PANGKALPINANG — Kepala Dinas Perindustrian dan Perdagangan Provinsi Kepulauan Bangka Belitung, Subekti Saputra, mengatakan pasokan tambahan itu didatangkan untuk memastikan harga tetap stabil. Stok beras saat ini di 17 gudang distributor mencapai 4.137 ton sebelum penambahan.
Subekti menyebut total stok beras yang mencapai 4.161,1 ton dalam pekan ini dipastikan cukup untuk memenuhi kebutuhan masyarakat di tujuh wilayah. Wilayah itu meliputi Kota Pangkalpinang, Kabupaten Bangka, Bangka Tengah, Bangka Barat, Bangka Selatan, Belitung, dan Belitung Timur.
"Alhamdulillah, hingga saat ini stok dan harga beras masih aman dan cukup untuk memenuhi kebutuhan masyarakat," kata Subekti di Pangkalpinang, Rabu.
Harga beras eceran di sejumlah pasar tradisional dan modern di Kota Pangkalpinang tercatat masih bertahan. Beras merek cap sendok (medium) dijual Rp14.400 per kilogram, beras merek RM (premium) Rp15.700 per kilogram, dan beras SPHP Bulog Rp12.600 per kilogram.
Pemerintah daerah di Kepulauan Babel masih mengandalkan pasokan dari luar daerah karena produksi beras petani lokal belum memadai. Subekti menjelaskan produksi beras petani lokal baru sekitar 85 persen dari total kebutuhan masyarakat.

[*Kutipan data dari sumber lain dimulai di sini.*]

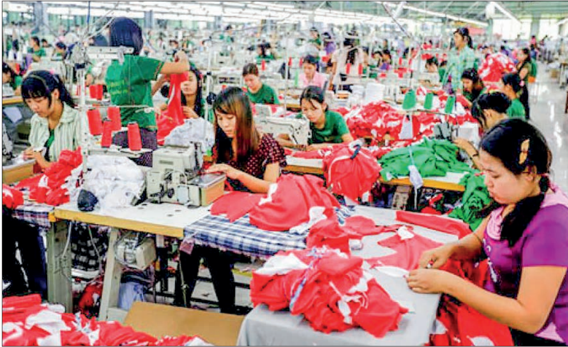
A garment factory running on a Cutting, Making, and Packing (CMP) basis is seen in Yangon Region.

THE Yangon Region Investment Committee (YRIC) endorsed four foreign enterprises in the manufacturing sector at the meeting held on 25 August, with an estimated capital of US$5.143 million. Those enterprises will create 2,369 jobs for residents.
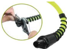
4084 Reusable End Used With 3/8" Flexzilla Pro Box Qty. 1
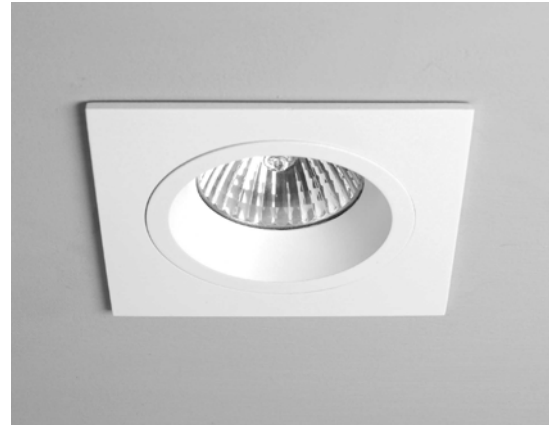
CODE: 1240026 FINISH: MATT WHITE

TO MAINTAIN THIS PRODUCT TO ITS BEST CONDITION, PLEASE VIEW OUR CARE AND CLEANING GUIDE ON THE SUPPORT SECTION OF THE ASTRO WEBSITE.
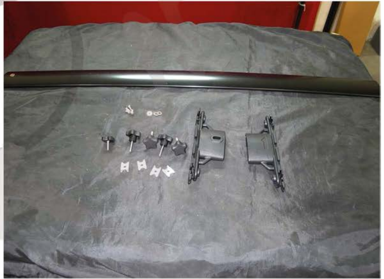
2. Assemble crossrail components
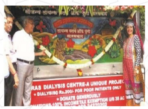
PAN POI, SARASBAUG
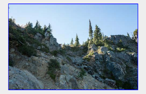
Climbing the gully towards the Half Dome summit [Tim Penney photo]

Beautiful fall colours along the trail [Tim Penney photo]
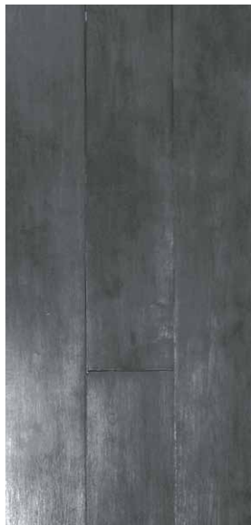
DARK Collection 3170
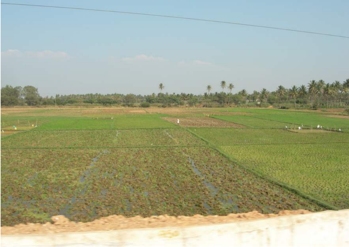
Photograph E for Question 6
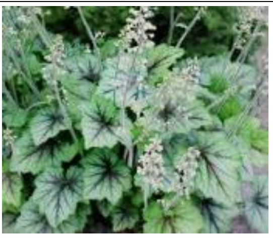
Foamy Bells, Heucherella 'Blue Ridge' Semi-evergreen

Height: 1-1/2 foot tall and wide semi-evergreen perennial
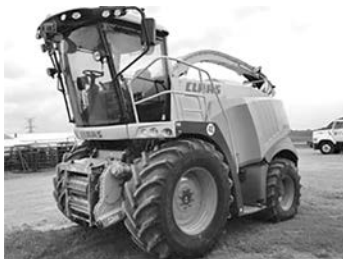
'11 Claas Jaguar 970, 1673 hrs., $178,000. (BR)
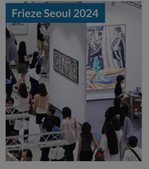
POSTED ON 06 SEP 2010
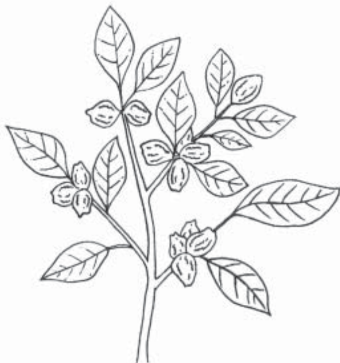
Withania somnifera (Ashwagandha)

its use in inflammatory arthritis, 3-6 and animal stress studies have been performed to investigate its use as an antistress agent. 7-10 Several studies have examined the antitumor and radiosensitizing effect of WS. 11-15 The purpose of this paper is to review the literature regarding WS and report on clinically relevant studies, in an attempt to establish a scientific basis for the therapeutic use of WS. Results of studies investigating the chemistry and toxicity of WS will also be discussed.
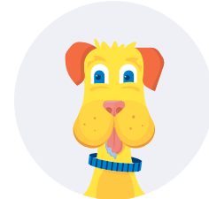
Life-Enhancing Therapeutic Activities
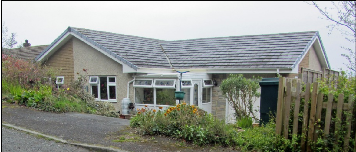
ABOVE Sea Drift, Number 3
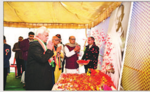
JJ NEWS DESK JAMMU, JAN 30

Lieutenant Governor Manoj Sinha today paid tributes to the Father of the Nation Mahatma Gandhi on his punyatithi. Speaking at an event organized by Gandhi Global Family J&K, the Lt Governor said, Babu's life and teachings continue to guide the inter-dependent world in the 21st century.
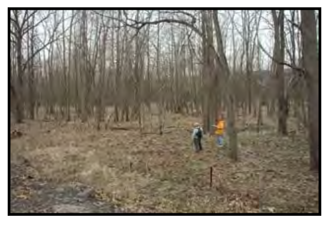
SP 8+800: View south of forest from Norfolk Southern Railroad. Proposed trail route that minimizes tree removal and avoids wetland areas has been marked with orange tape.
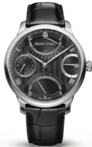
DOUBLE RETROGRADE MP6578-SS001-331-1

Automatic Manufacture movement ML191 Ø 43 mm stainless steel case
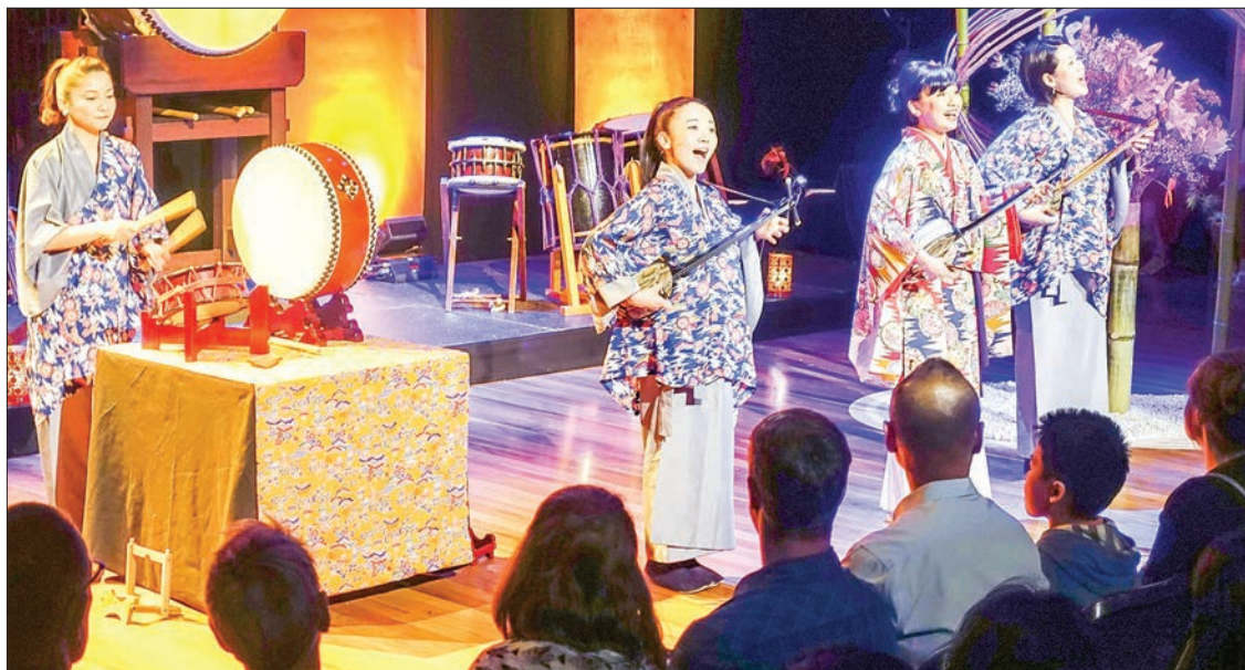
Musicians play "sanshin" three-stringed instruments from the southern island prefecture of Okinawa during a Japanese traditional arts show at the Sydney Opera House on 16 December 2019.

"The respect the performers show to nature is lovely," said Owen, commenting on the show's "Day in the life of Japan" theme, which began with a sunrise and sounds of the ocean. The new Japanese era started 1 May when Emperor Naruhito ascended the Chrysanthemum Throne after former Emperor Akihito abdicated the previous day. —Kyodo News ■

Produksi beras di Provinsi Kepulauan Bangka Belitung tercatat mencapai sekitar 38.115 ton per tahun. Kabupaten Bangka Selatan menjadi penyumbang terbesar dengan produksi sekitar 26.507 ton.
Dengan produksi yang hanya memenuhi sebagian kecil kebutuhan, sebagian besar pasokan beras harus didatangkan dari luar daerah. Penambahan stok ini diharapkan menjaga daya beli masyarakat, terutama menjelang liburan sekolah.